Port Royal and Western Carolina Railway

Overview
- Locale: Georgia and South Carolina, USA
- Dates of operation: 1886–1896
- Predecessor: Merger of: Augusta and Knoxville Railroad; Greenwood, Laurens and Spartanburg Railroad; Greenville and Laurens Railroad; Savannah Valley Railroad;
- Successor: Charleston and Western Carolina Railway

Technical
- Track gauge: 4 ft 9 in (1,448 mm)
- Length: 229 mi (369 km)

= Port Royal and Western Carolina Railway =

The Port Royal and Western Carolina Railway (PR&WC) was a railroad company in the southern United States that operated on 229 mi of gauge track.
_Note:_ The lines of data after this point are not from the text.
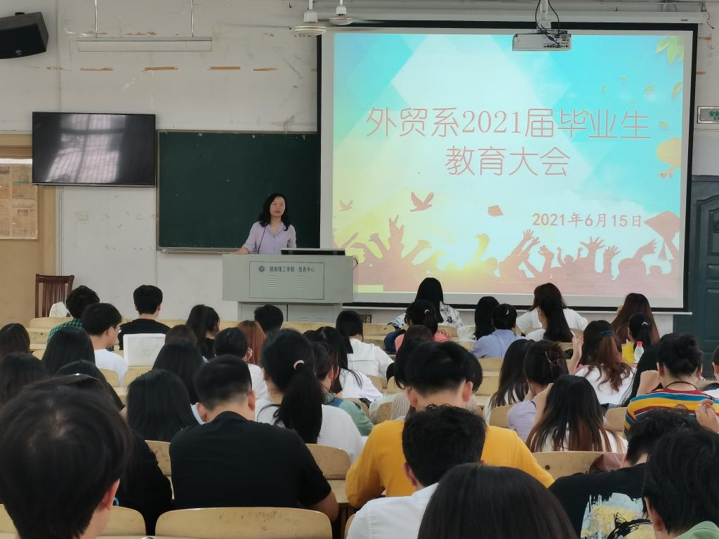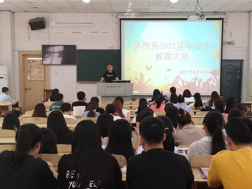 为激发毕业生报国成才之志,爱校荣校之情,感恩奉献之心,加强毕业生离校管理,营造文明、有序、和谐工作氛围,616日上午,外贸系在2T2教室举行2021届毕业生教育大会。外贸系主任毛新耕、系党总支书记陈涉出席会议,系党总支副书记、2021届毕业年级辅导员蒋智主持会议。
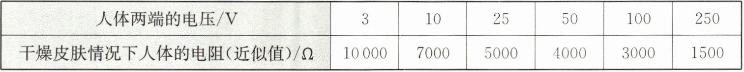|干燥皮肤情况下人体的电阻(近似值)/$\Omega$|10000|7000|5000|4000|3000|1500|
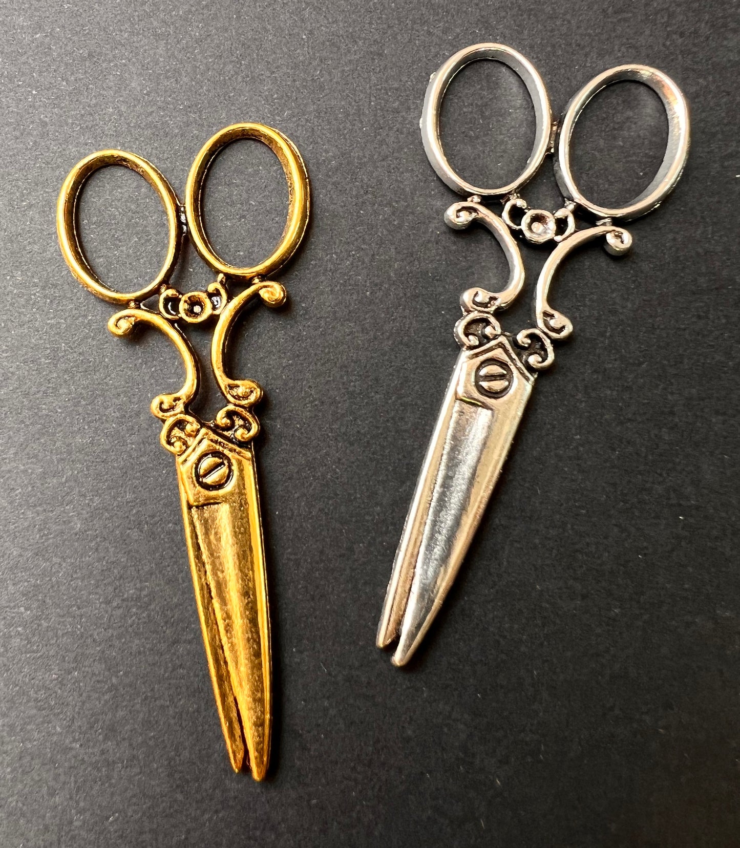 6cm long Gold or Silver Tone Scissors Pendant / Charm
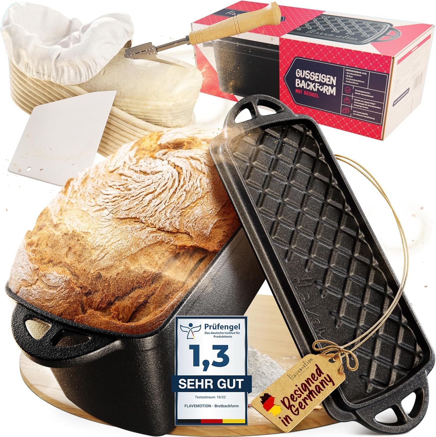 Flavemotion Brotbackform mit Deckel - Gärkörbchen, Bäckermesser, Teigkarte, Starter-Rezept, Kastenform, Gusseisen Topf, Auflaufform
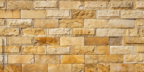 © Collection, Obraz premium Weathered beige sandstone wall texture with large stone blocks
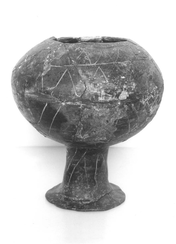 image; coppa globulare su alto piede cavo; ceramica di impasto

It was formed in 1886 by the merger of the Augusta and Knoxville Railroad, Greenwood, Laurens and Spartanburg Railroad, Savannah Valley Railroad and the Greenville and Laurens Railroad, which then joined with Port Royal and Augusta Railway.

The Port Royal and Western Carolina, and Port Royal and Augusta were operated as part of the Central of Georgia Railroad line until the South Carolina General Assembly forced the railroad to give up the lines. The Charleston and Western Carolina Railway was formed in 1896 to operate the two lines.

The Atlantic Coast Line Railroad took over the Charleston and Western Carolina in 1897 but operated it as a subsidiary until 1959 when it was fully absorbed by the Atlantic Coast Line.